## What this task involves
Your answer should contain only the lines from the top of the data below down through the one with "Trải nghiệm trực", transcribed exactly and without pictures; please include nothing more.

## Given data
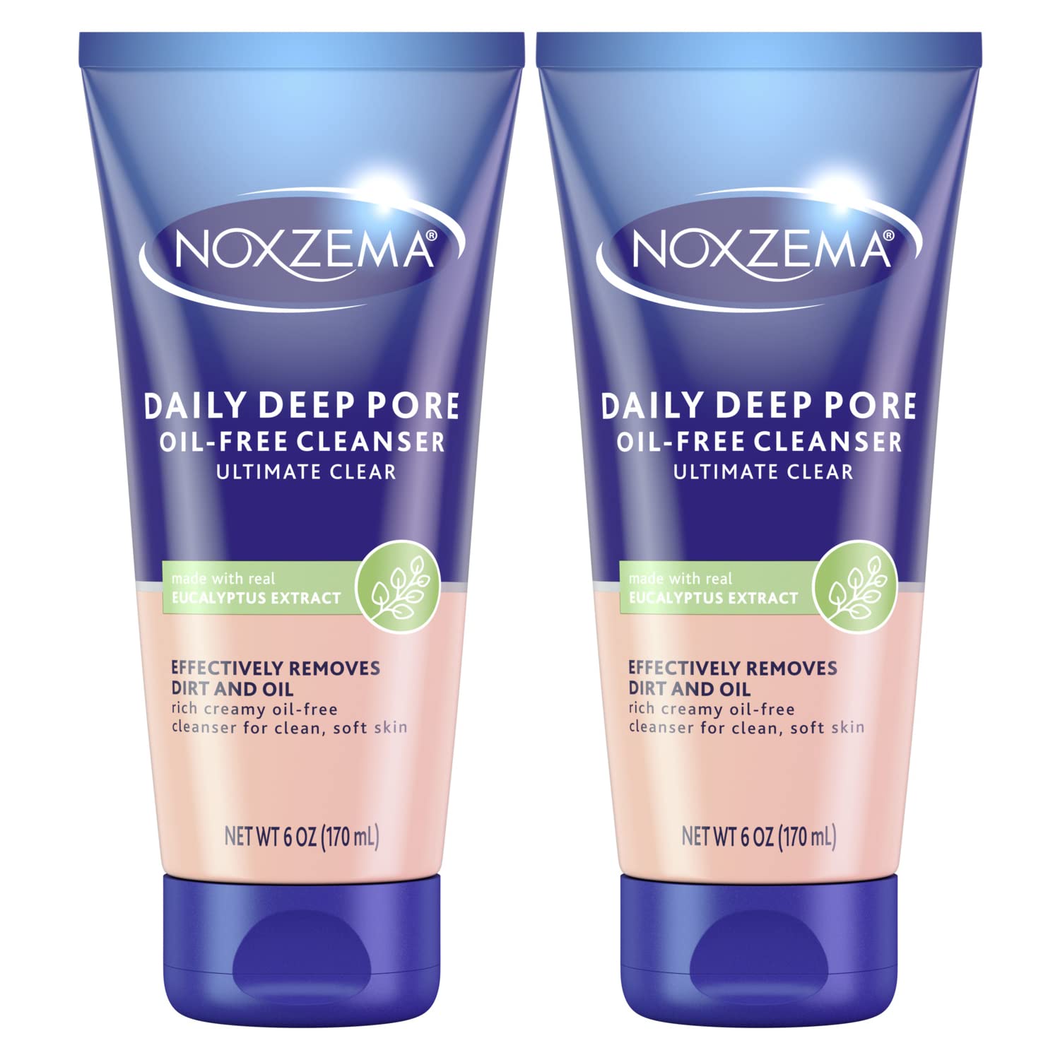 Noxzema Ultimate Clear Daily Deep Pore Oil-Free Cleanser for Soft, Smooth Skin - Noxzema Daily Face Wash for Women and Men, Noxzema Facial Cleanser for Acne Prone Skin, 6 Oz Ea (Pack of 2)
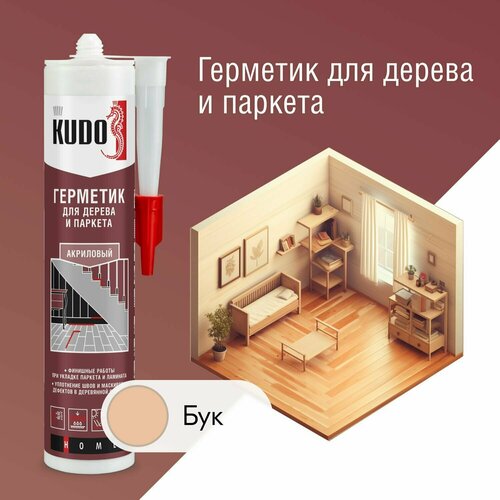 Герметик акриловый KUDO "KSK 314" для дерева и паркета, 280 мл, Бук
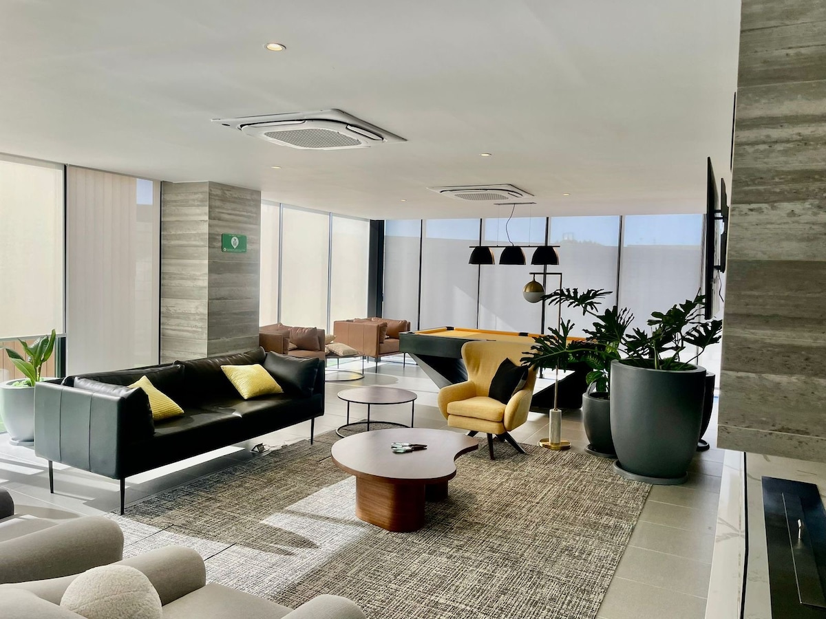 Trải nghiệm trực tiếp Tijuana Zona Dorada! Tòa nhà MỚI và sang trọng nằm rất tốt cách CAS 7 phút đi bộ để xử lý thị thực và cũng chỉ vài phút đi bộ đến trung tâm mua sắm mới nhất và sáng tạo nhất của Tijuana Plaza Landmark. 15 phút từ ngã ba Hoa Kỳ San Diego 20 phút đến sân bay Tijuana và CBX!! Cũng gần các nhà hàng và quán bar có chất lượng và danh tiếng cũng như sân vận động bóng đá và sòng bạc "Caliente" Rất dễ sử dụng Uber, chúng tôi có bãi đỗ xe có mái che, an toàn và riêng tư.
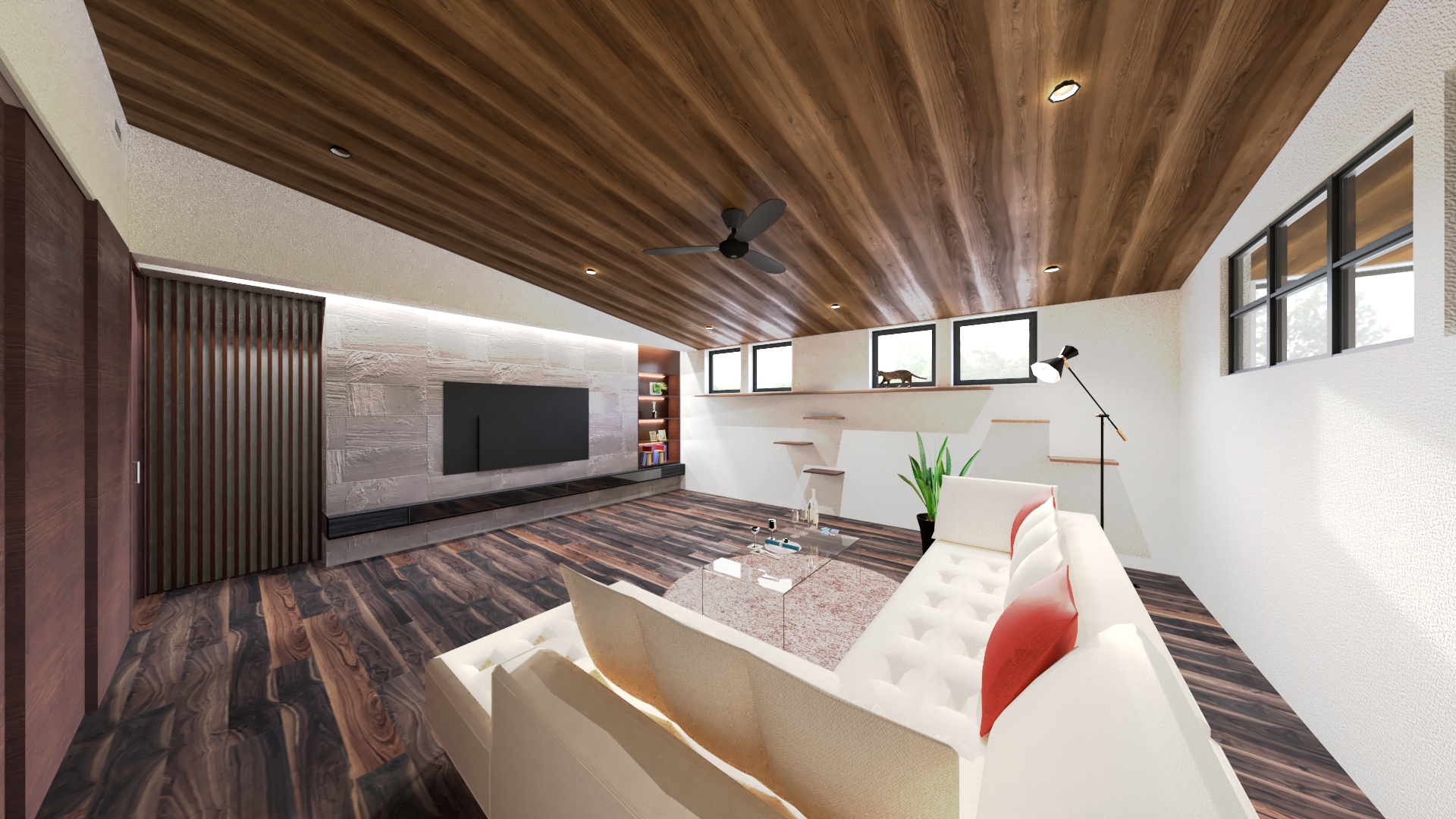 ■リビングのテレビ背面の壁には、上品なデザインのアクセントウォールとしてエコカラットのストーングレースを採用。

## Solution for this problem
 Noxzema Ultimate Clear Daily Deep Pore Oil-Free Cleanser for Soft, Smooth Skin - Noxzema Daily Face Wash for Women and Men, Noxzema Facial Cleanser for Acne Prone Skin, 6 Oz Ea (Pack of 2)
 Герметик акриловый KUDO "KSK 314" для дерева и паркета, 280 мл, Бук
 Trải nghiệm trực tiếp Tijuana Zona Dorada! Tòa nhà MỚI và sang trọng nằm rất tốt cách CAS 7 phút đi bộ để xử lý thị thực và cũng chỉ vài phút đi bộ đến trung tâm mua sắm mới nhất và sáng tạo nhất của Tijuana Plaza Landmark. 15 phút từ ngã ba Hoa Kỳ San Diego 20 phút đến sân bay Tijuana và CBX!! Cũng gần các nhà hàng và quán bar có chất lượng và danh tiếng cũng như sân vận động bóng đá và sòng bạc "Caliente" Rất dễ sử dụng Uber, chúng tôi có bãi đỗ xe có mái che, an toàn và riêng tư.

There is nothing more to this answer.